▶ _ACTION ITEM_: Copy nothing but the lines below, from the one with "Heute eine weitere" through the one with "二井 麒安さんの総格は31画の5点!", exactly as written; no pictures should appear.

▶ _GIVEN DATA_:
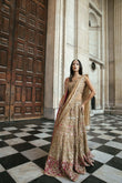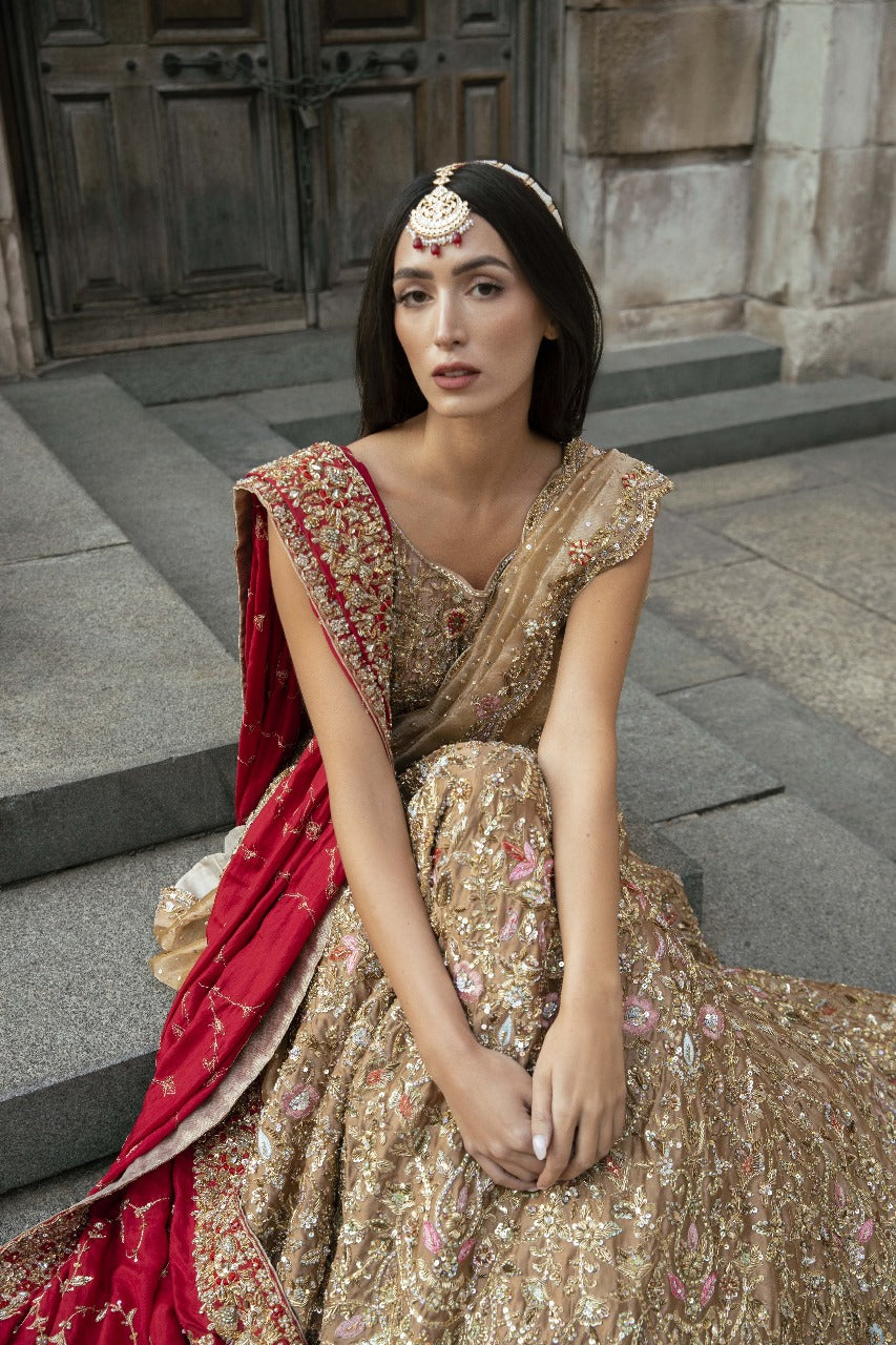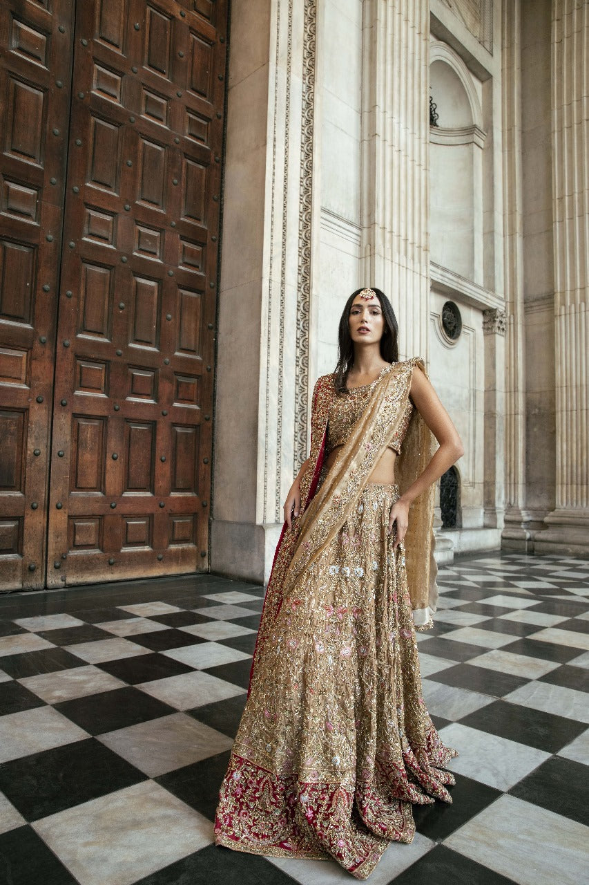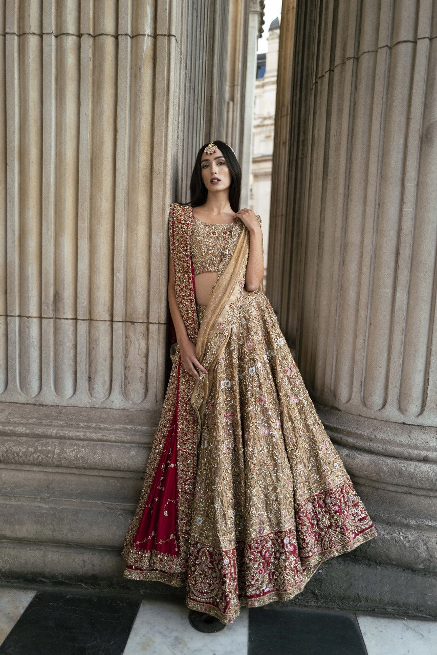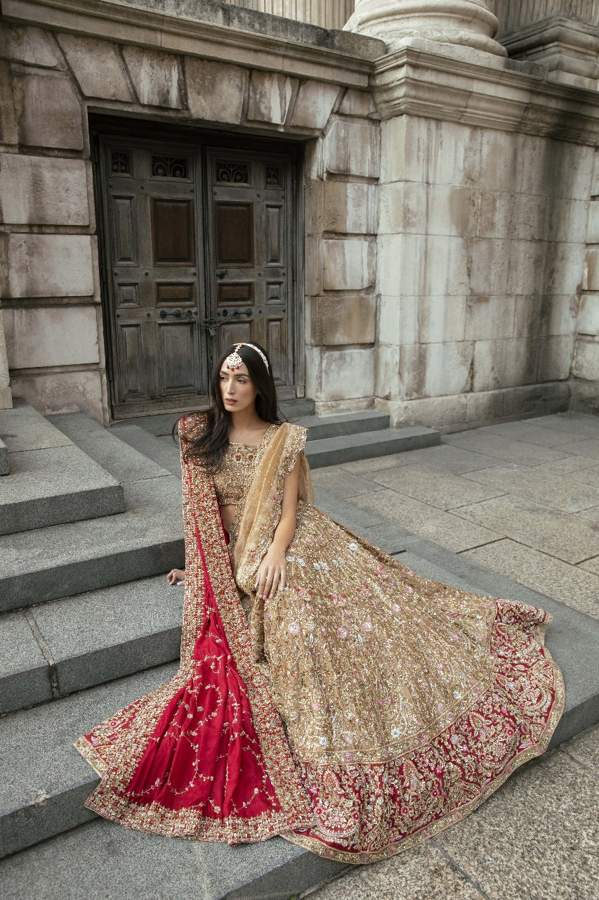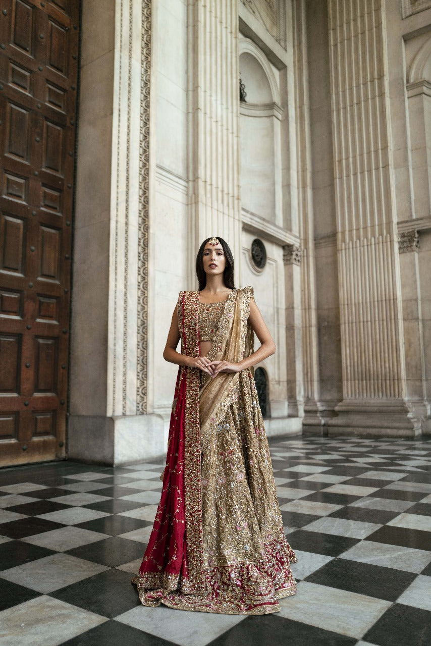 Drenched in a stunning gold palette with deep red accents and touches of pink resham, this ensemble offers a look that is both classic and luxurious.
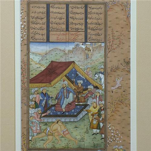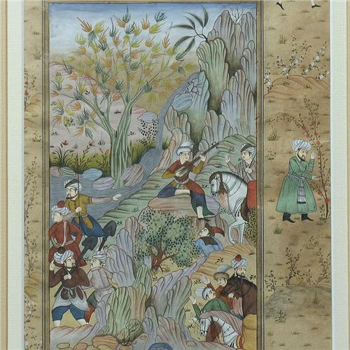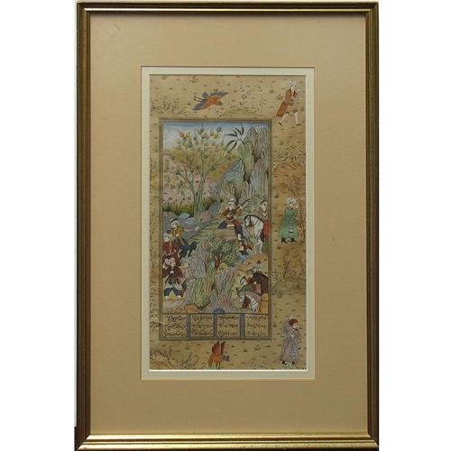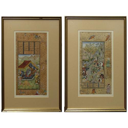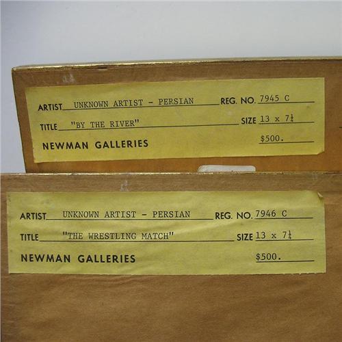 Pair of Persian miniature watercolor paintings "By the River" and "Wrestling Match"; attributed to the medieval period; signed; framed; Newman Galleries label on reverse; 13 1/4" x 6 3/4"; no visible defects
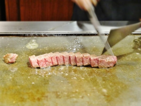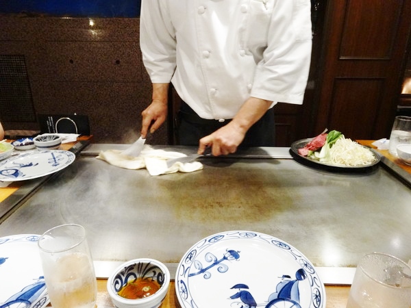 目の前でシェフによる鉄板焼き開始。手際がよく、エンターテイメントとしても楽しめます。
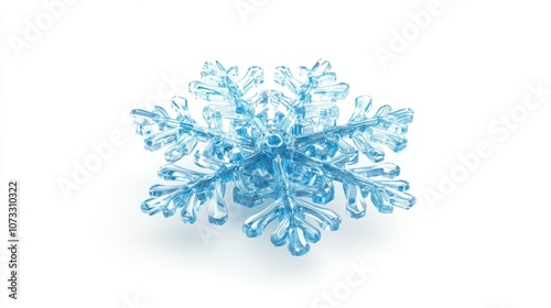 snowflake icon for winter season, detailed icy blue, isolated on white
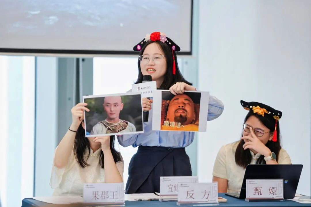 接下来,由黄子祺、许娴炜、王宇航、赵子炎、林宝坤、陈欣怡六位律师共同演绎《甄嬛传》片段配音——“滴血认亲之绝地反击”,角色反串的反差感引发现场笑声不断。
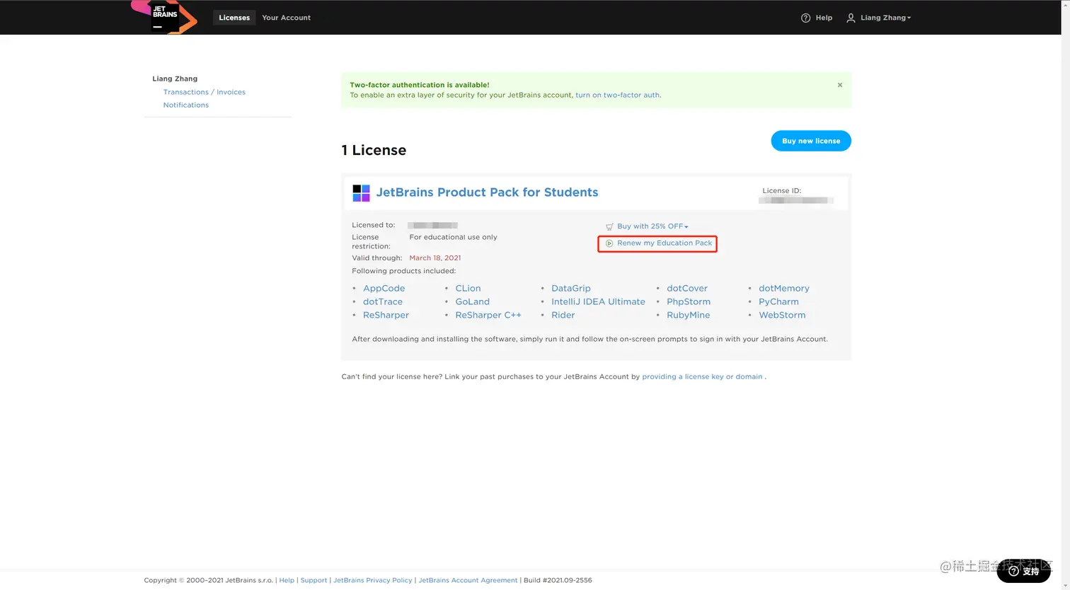 这个时候,我们需要到官网进行续期,登录之后,我们只需要在 License 页面点击 Renew my Education Pack ,然后我们确认相关信息之后,它就会发送续期邮件到我们的邮箱。
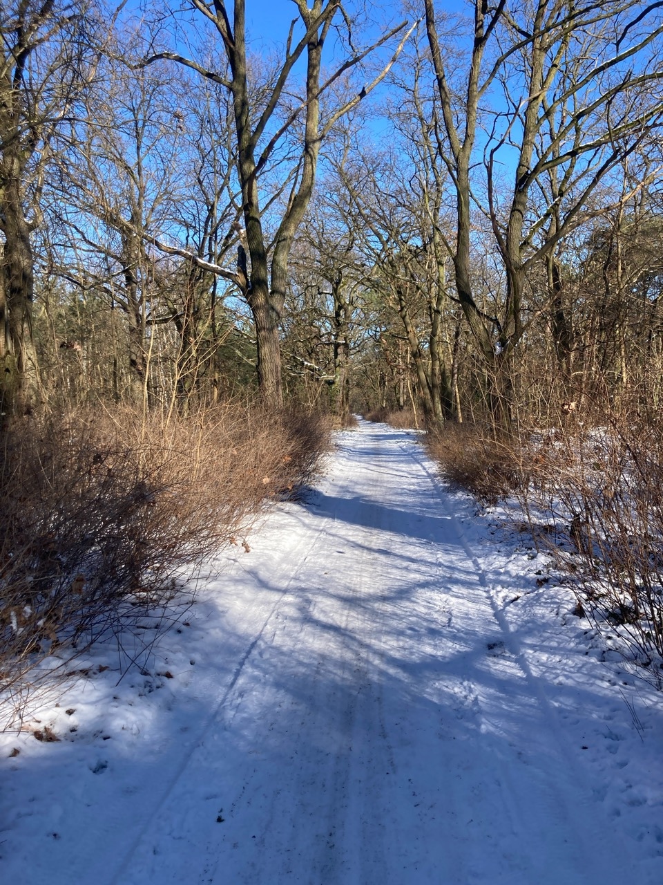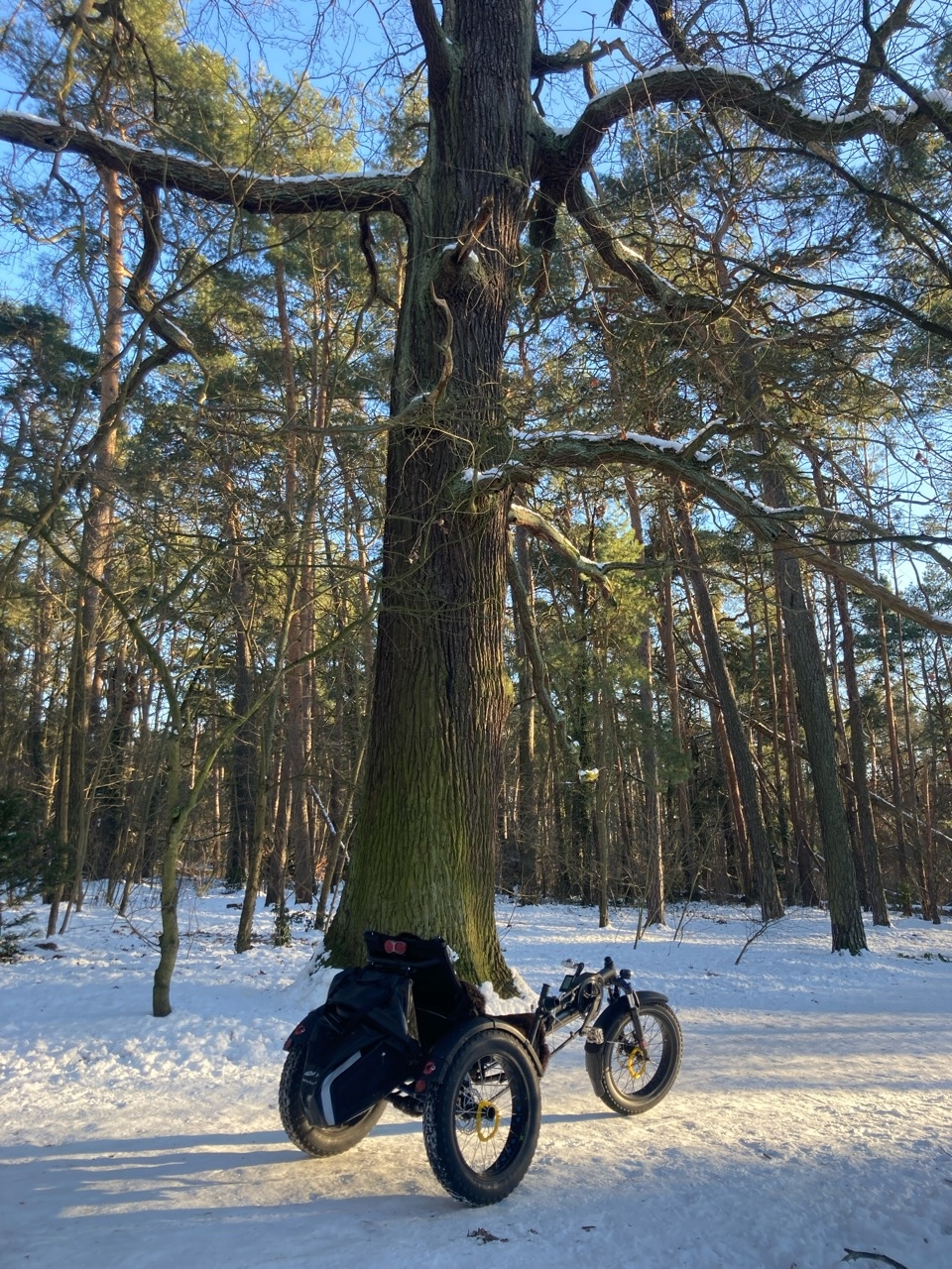 Heute eine weitere Runde durch den Wald, über eingefrorene Sandwege, Eis  und Schnee zu Hofrad in Friedrichshain.
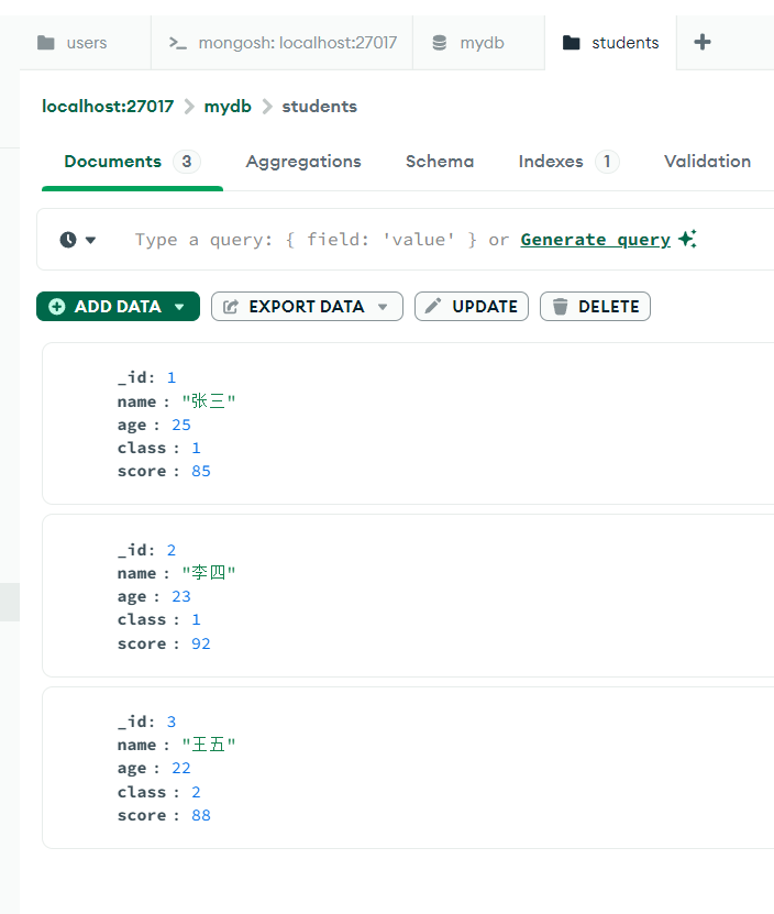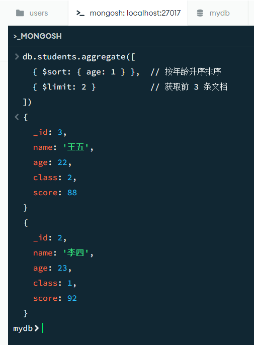 如果我们希望根据年龄排序,并获取年龄最小的前 2 条记录,可以先使用 $sort
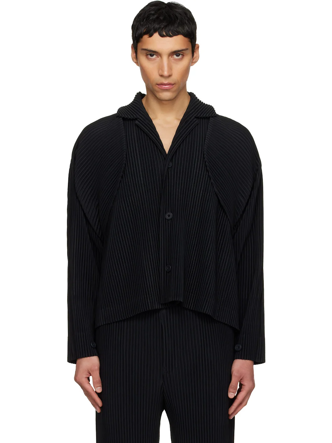 Garment-pleated tricot jacket. · Spread collar · Button closure · Seam pockets at waist · Dolman sleeves · Adjustable button fastening at cuffs · Overlay with button fastening at back · Unlined Supplier color: Black 100% polyester. Made in Philippines 261729M180018
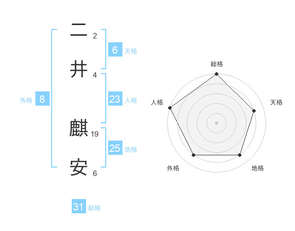 二井 麒安さんの総格は31画の5点!
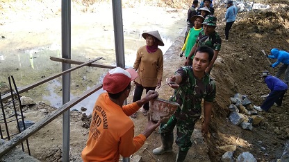 Tidak ketinggalan berbagai lapisan masyarakat dari orang tua,pemuda-pemudi, laki-laki dan perempuan rela kepanasan tersengat teriknya matahari serta keringat yang bercucuran membasahi badannya tetap semangat ikut dan andil membangun embung. Anggota TNI bersama warga dalam melaksanakan penyiapan material menggunakan tehnik berantai untuk memindahkan campuran dan material yang akan digunakan untuk pembangunan embung.

▶ _ANSWER FOR THE TASK_:
 Heute eine weitere Runde durch den Wald, über eingefrorene Sandwege, Eis  und Schnee zu Hofrad in Friedrichshain.
 如果我们希望根据年龄排序,并获取年龄最小的前 2 条记录,可以先使用 $sort
 Garment-pleated tricot jacket. · Spread collar · Button closure · Seam pockets at waist · Dolman sleeves · Adjustable button fastening at cuffs · Overlay with button fastening at back · Unlined Supplier color: Black 100% polyester. Made in Philippines 261729M180018
 二井 麒安さんの総格は31画の5点!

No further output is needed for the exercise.